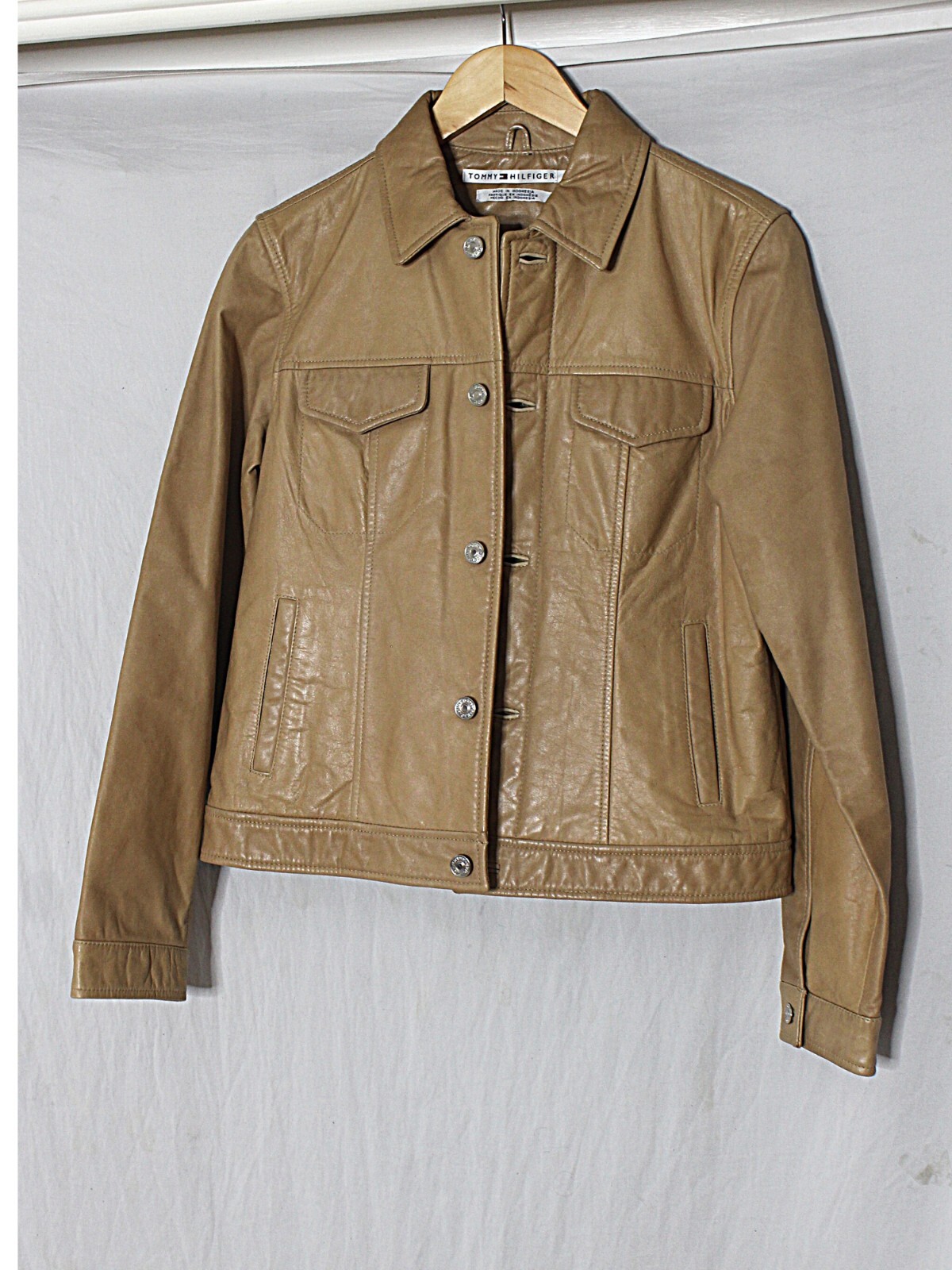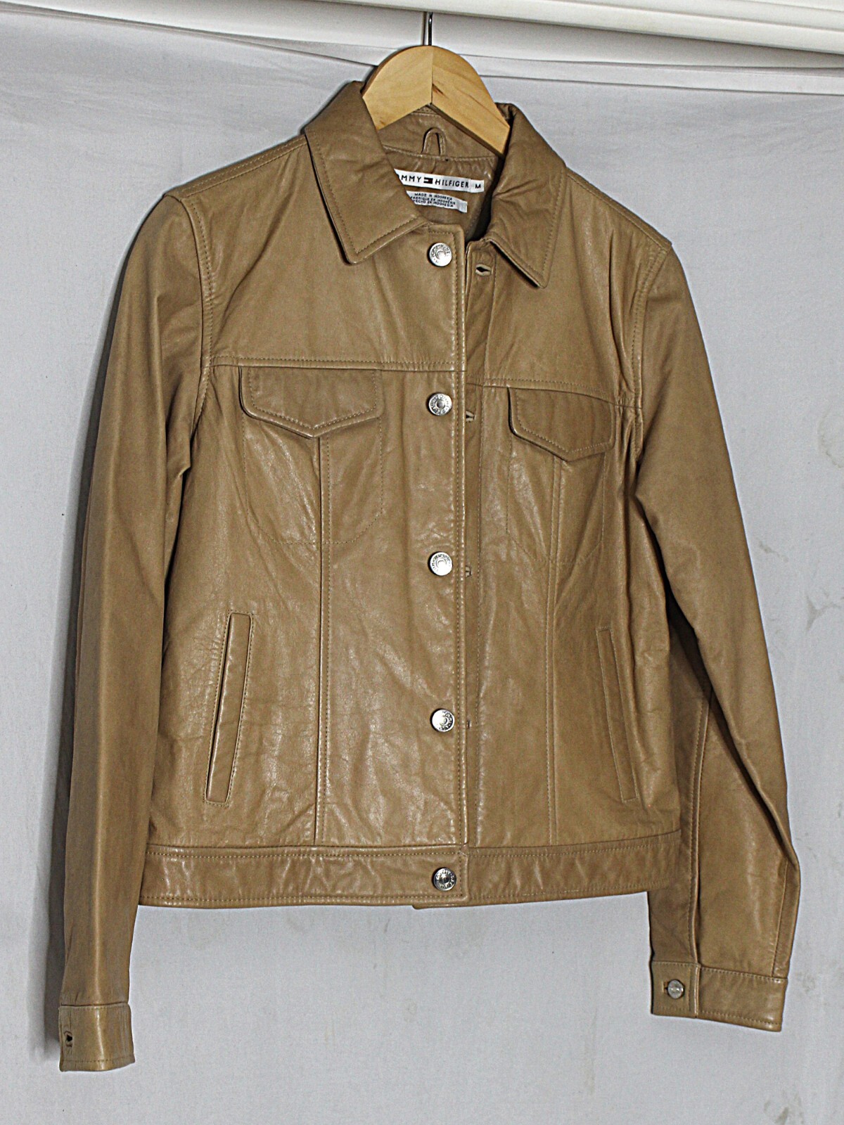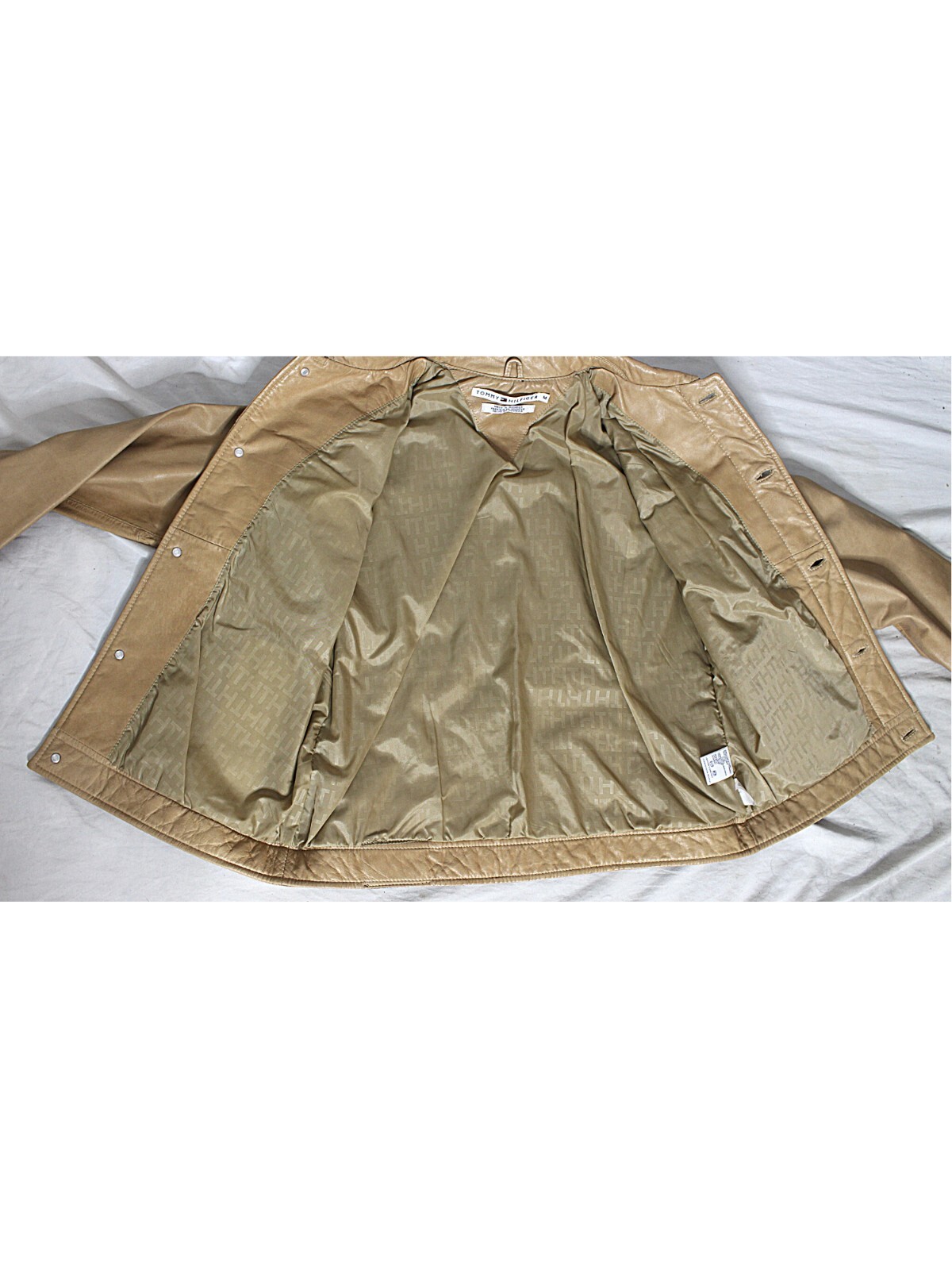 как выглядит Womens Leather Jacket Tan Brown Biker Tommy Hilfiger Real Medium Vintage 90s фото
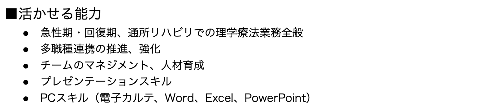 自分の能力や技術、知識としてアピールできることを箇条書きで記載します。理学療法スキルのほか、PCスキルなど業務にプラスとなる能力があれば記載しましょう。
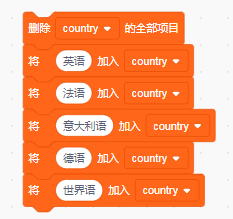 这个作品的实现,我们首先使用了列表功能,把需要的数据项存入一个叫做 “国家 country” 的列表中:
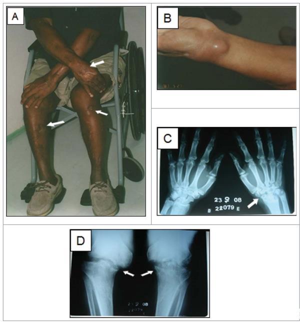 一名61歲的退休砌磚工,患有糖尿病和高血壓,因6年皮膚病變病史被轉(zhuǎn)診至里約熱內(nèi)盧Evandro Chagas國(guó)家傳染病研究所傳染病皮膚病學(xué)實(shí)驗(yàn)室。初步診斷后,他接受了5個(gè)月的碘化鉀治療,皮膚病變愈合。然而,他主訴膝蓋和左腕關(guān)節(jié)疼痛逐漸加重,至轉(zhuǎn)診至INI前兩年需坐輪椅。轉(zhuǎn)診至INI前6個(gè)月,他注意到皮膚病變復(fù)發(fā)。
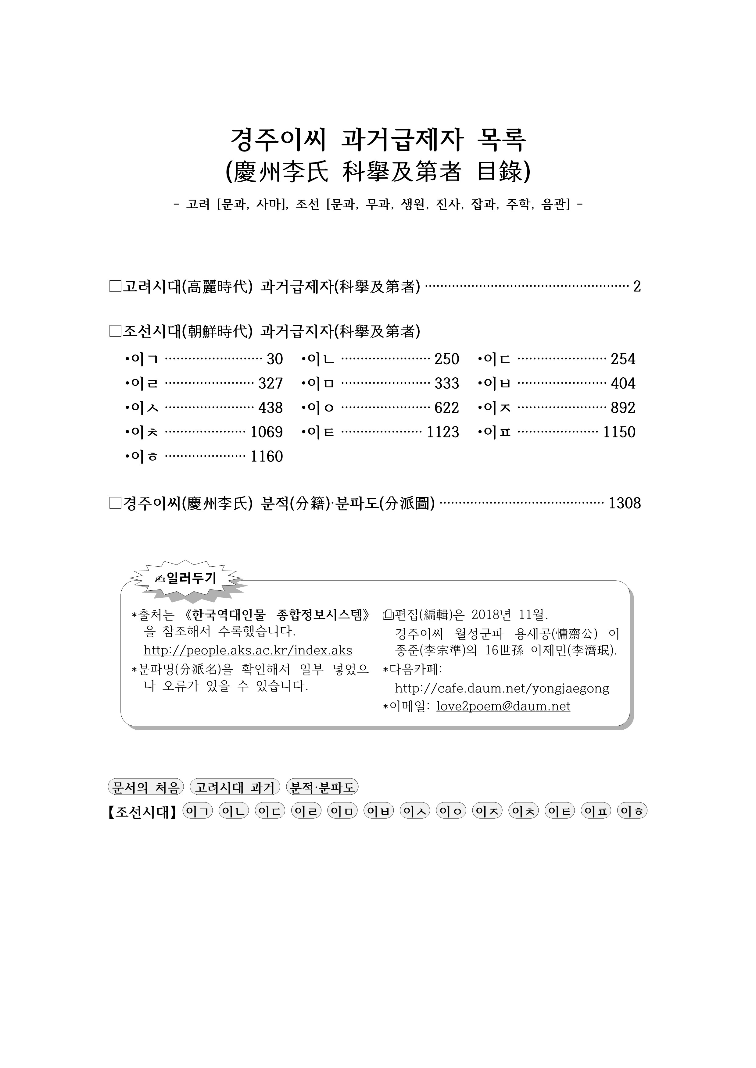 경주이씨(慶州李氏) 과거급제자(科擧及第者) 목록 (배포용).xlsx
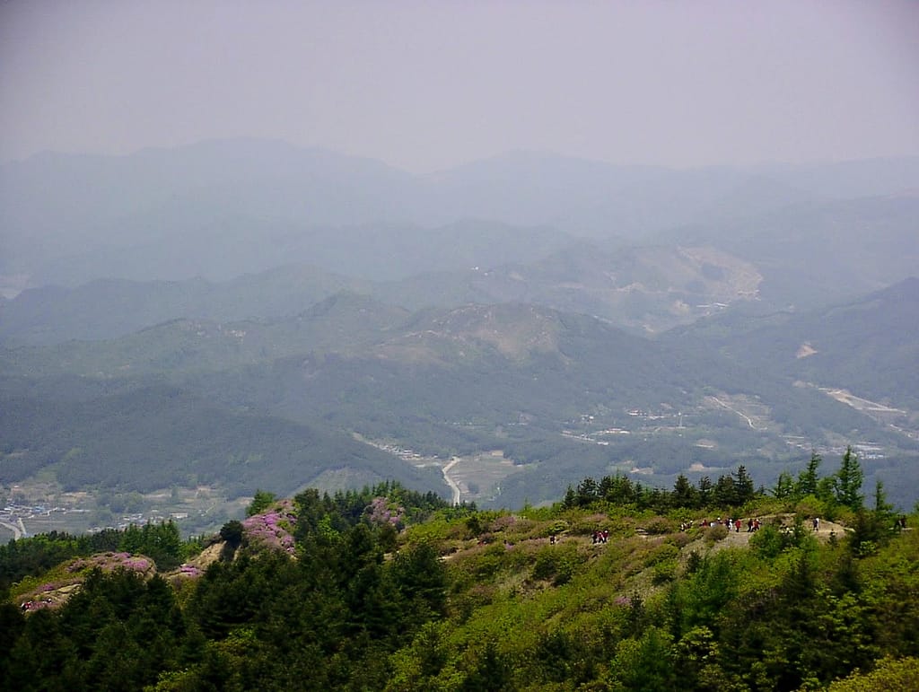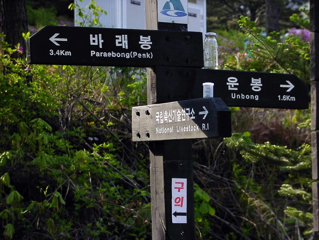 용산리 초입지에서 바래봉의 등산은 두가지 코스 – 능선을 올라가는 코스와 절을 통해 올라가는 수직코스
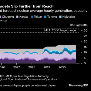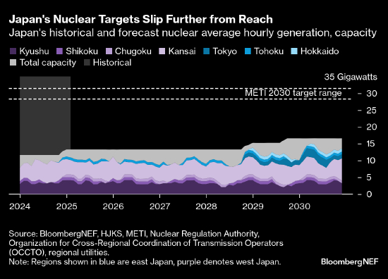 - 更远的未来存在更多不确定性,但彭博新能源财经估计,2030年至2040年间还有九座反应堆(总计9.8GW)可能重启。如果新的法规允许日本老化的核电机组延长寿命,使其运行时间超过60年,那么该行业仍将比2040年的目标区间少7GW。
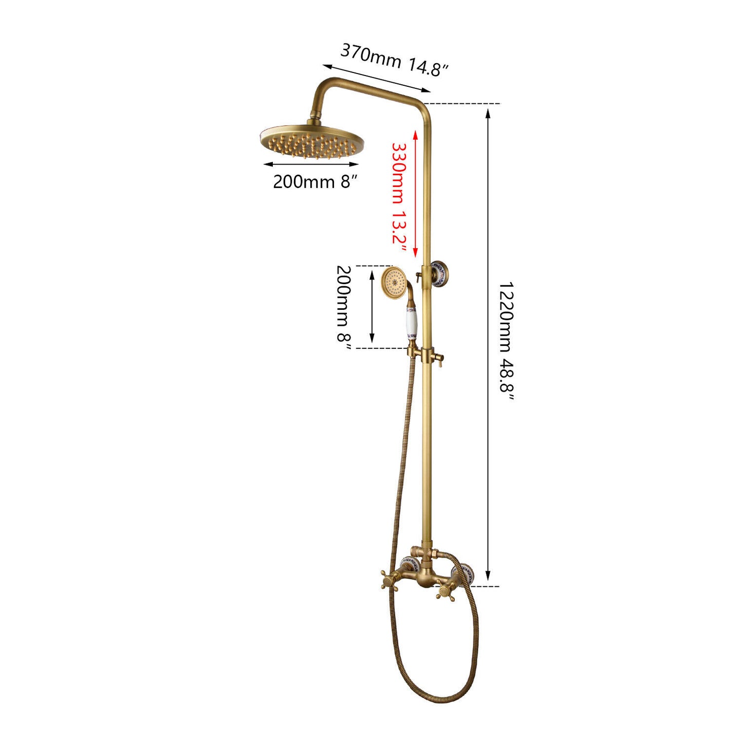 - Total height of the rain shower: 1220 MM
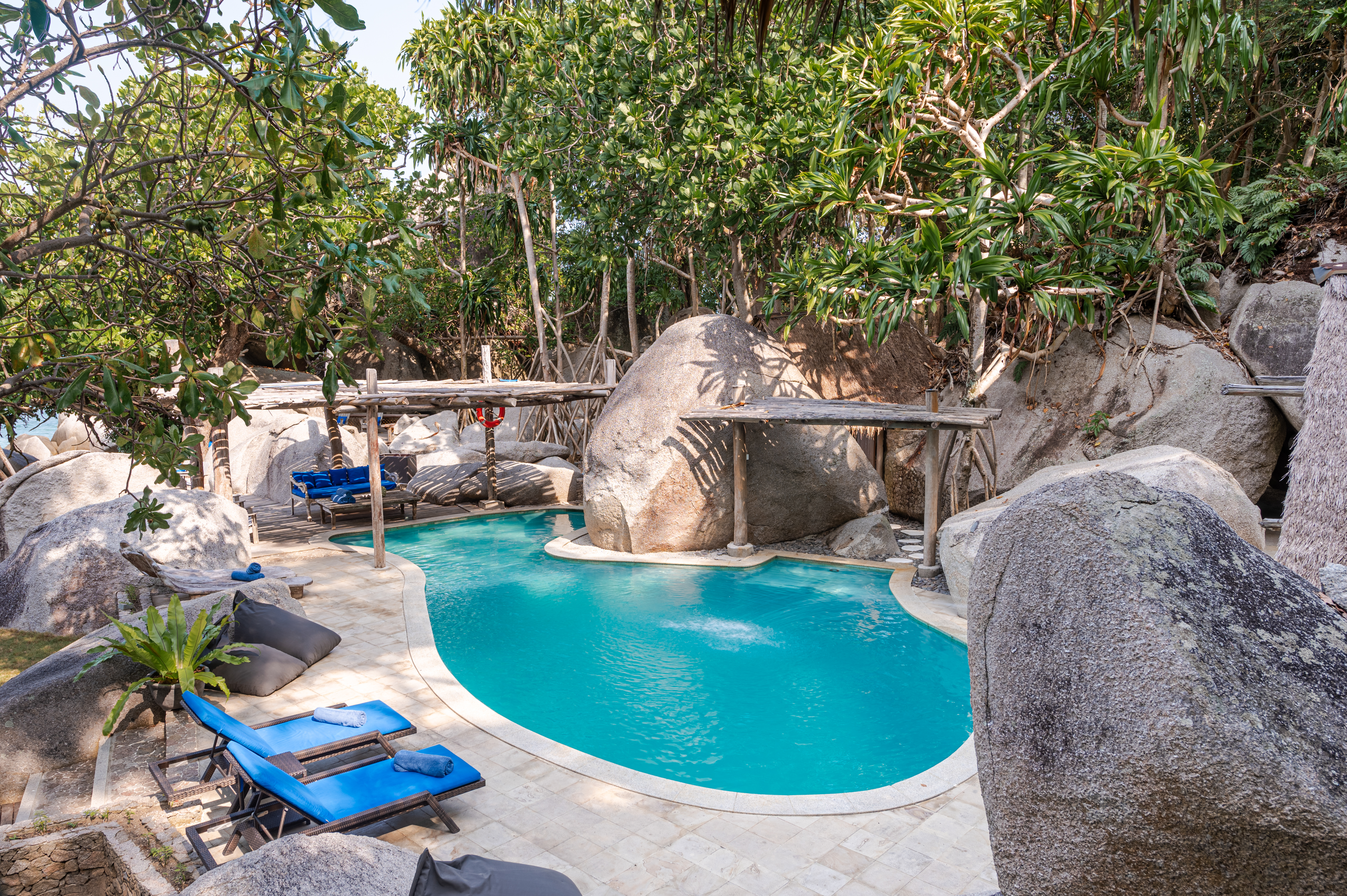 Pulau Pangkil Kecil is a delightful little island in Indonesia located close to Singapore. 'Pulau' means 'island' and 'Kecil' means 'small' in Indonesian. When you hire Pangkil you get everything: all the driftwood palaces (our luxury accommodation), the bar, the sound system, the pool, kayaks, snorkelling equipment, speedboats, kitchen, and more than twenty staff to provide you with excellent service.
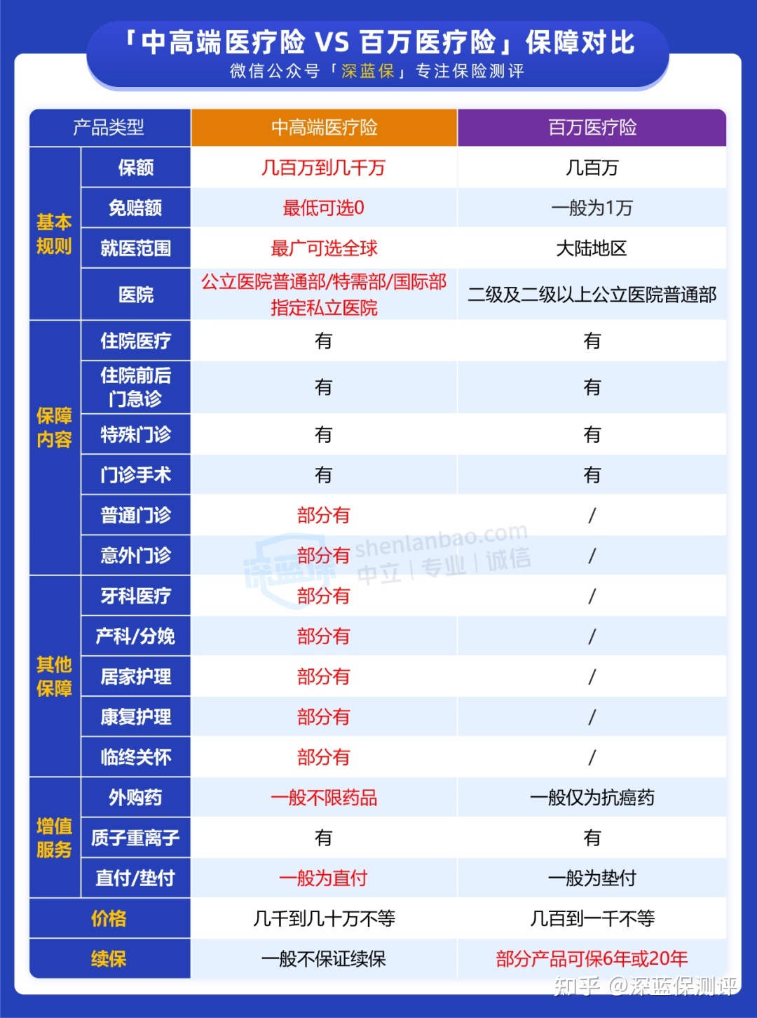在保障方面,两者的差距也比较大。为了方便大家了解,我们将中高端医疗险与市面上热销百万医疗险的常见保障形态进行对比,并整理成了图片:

Task directions — Please output the lines from the line that holds "- 更远的未来存在更多不确定" through the final line of the material above, both included. Each line must match exactly, and pictures must be excluded.

Exercise result —
 - 更远的未来存在更多不确定性,但彭博新能源财经估计,2030年至2040年间还有九座反应堆(总计9.8GW)可能重启。如果新的法规允许日本老化的核电机组延长寿命,使其运行时间超过60年,那么该行业仍将比2040年的目标区间少7GW。
 - Total height of the rain shower: 1220 MM
 Pulau Pangkil Kecil is a delightful little island in Indonesia located close to Singapore. 'Pulau' means 'island' and 'Kecil' means 'small' in Indonesian. When you hire Pangkil you get everything: all the driftwood palaces (our luxury accommodation), the bar, the sound system, the pool, kayaks, snorkelling equipment, speedboats, kitchen, and more than twenty staff to provide you with excellent service.
在保障方面,两者的差距也比较大。为了方便大家了解,我们将中高端医疗险与市面上热销百万医疗险的常见保障形态进行对比,并整理成了图片:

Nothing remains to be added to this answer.